Persons and businesses found stockpiling lobster for the annual closed season, from April to June, will face heavy penalties, when the new Fisheries Act comes into effect.
This was revealed by Acting Director of the Marine Branch of the Fisheries Division of the Ministry of Agriculture, Ian Jones, in an interview with JIS News.
“Following imminent passage of the new Fisheries Act into law, there will be a three-week grace period leading up to the closed season. During the grace period, all lobster stocks must be used up. Once the closed season starts, lobsters found will be confiscated or heavy fines imposed,” said Mr. Jones.
The new Fisheries Act is expected to be passed into law during the current fiscal year.
The stipulations under the old Act, which allowed fishers, restaurateurs and hoteliers to stockpile, were ineffective, leading to over-fishing, as persons sought to store enough lobsters to take them through the closed season.

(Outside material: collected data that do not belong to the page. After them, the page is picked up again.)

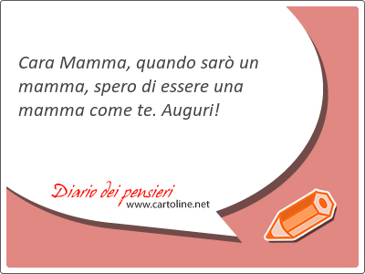 Cara Mamma, quando sarò un mamma, spero di essere una mamma come te. Auguri!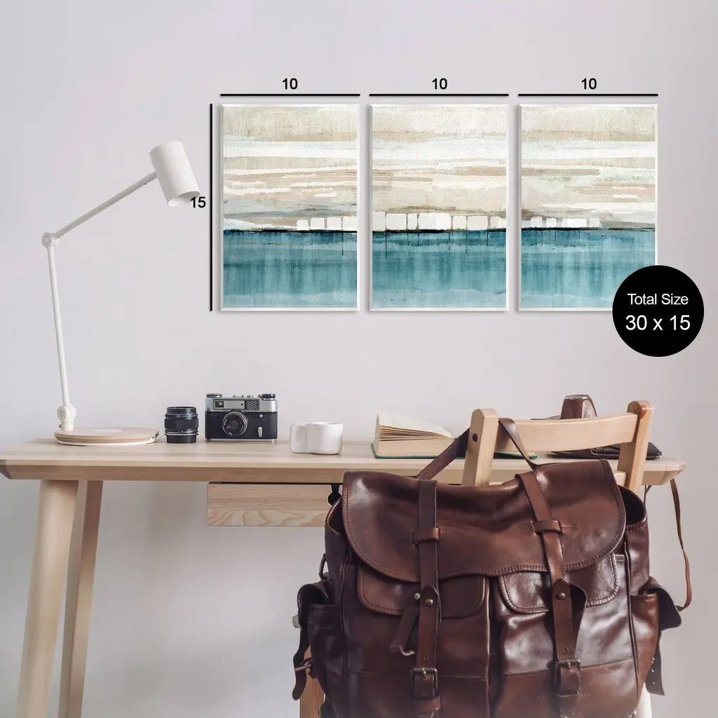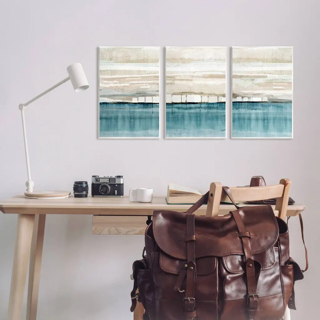Fill any space with Stupell Wall Art Sets. Our wall plaques start as high-quality lithograph prints mounted on durable 0.5-inch thick MDF wood. Each piece is hand finished and comes with a fresh layer of white foil on the sides to give it a crisp, clean look. Plaques arrive ready to hang without installation and come with removable plastic corners to keep them from damage in transit. Stupell Industries Wall Art is made in the USA.Features: Dimensions: 3 Piece Set, Each Panel is 10 x 0.5 x 15 InchesWall Plaque Set Sizes Include Standard: 3pc, Each is 10 x 0.5 x 15 Oversized: 3pc, Each is 13 x 0.5 x 19Wall Art is Ready to Hang with Hardware Free Hanging. No installation required. For Easy Set Up Lean or Layer Artwork on Shelf or Against Wall.All of our wall plaques start off as high quality lithograph prints that are then mounted on durable 0.5 inch thick MDF wood. Each piece is hand finished and comes with a fresh layer of foil on the sides to give it a crisp clean look. Made In USA.Artwork Relates To: Abstract, Modern, Landscape, Blue, BeigeDesign by Flora Kouta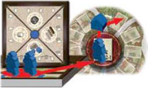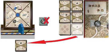 To activate this action, the player must have one of his samurai on the merchant figure's current location for each official on his planning board assigned to this action.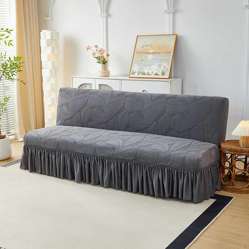 丝绮鹿2025新款富贵叶裙边沙发床套 富贵叶-深灰
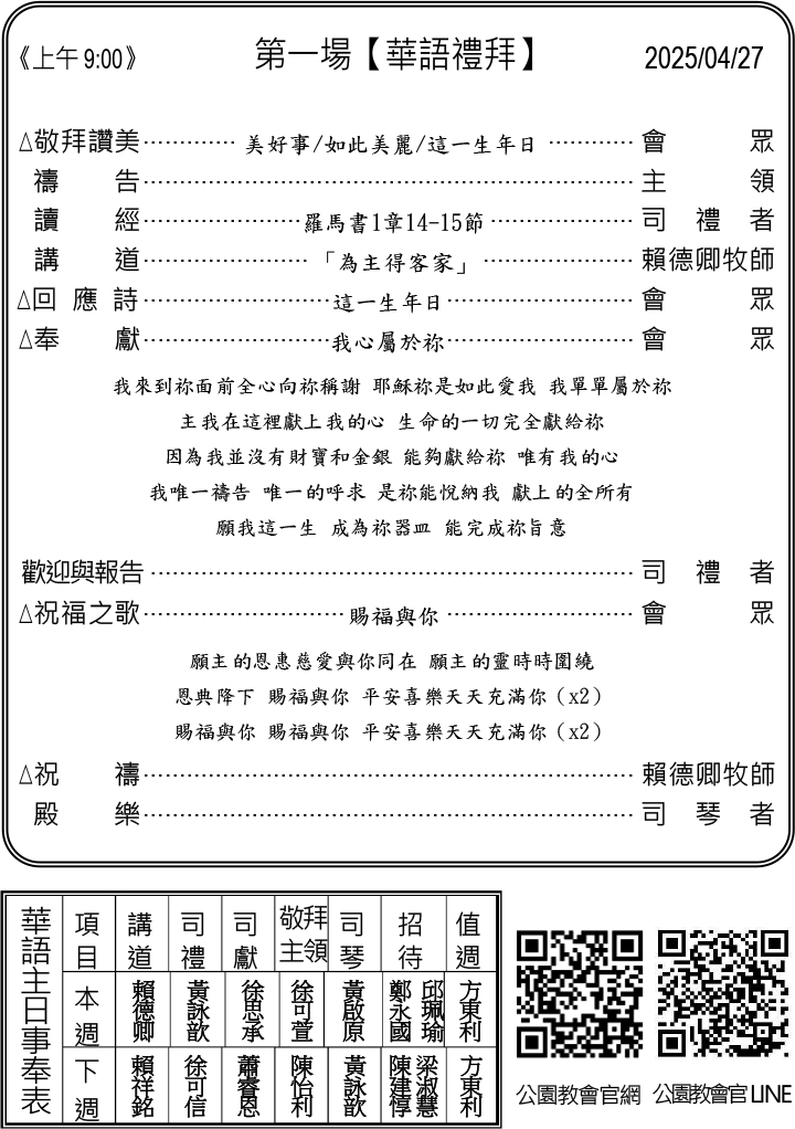 - 本主日(4/27)歡迎賴德卿牧師蒞臨,於兩堂禮拜講道並分享客宣中會事工,請兄姊為客宣中會關懷奉獻。※賴德卿牧師現任客家宣教中會總幹事。☆

This resulted in not only over-fishing, but little regard for size, and many juvenile lobsters were caught. Persons were then coerced into buying the entire stock, inclusive of juveniles, he explained.
“The practice of over-fishing significantly reduced the benefits of a closed season and became more harmful to the lobster population,” Mr. Jones pointed out, adding that another practice is maintaining lobster crawls, “whereby unscrupulous fishers would keep lobsters alive in traps in the sea, to be sold as opportunities arose.”
To eliminate these practices, stocks are to be disallowed in the closed season under the new Act. Mr. Jones said the same had been done successfully for conch.
He said the Fisheries Division would be calling on conscientious citizens and non-governmental organisations to assist in reporting breaches during the closed season, in order that the rules may be enforced and the lobsters be given a chance to breed and replenish for the benefit of the entire industry.
The closed season for lobster lasts from April 1 to June 30 each year.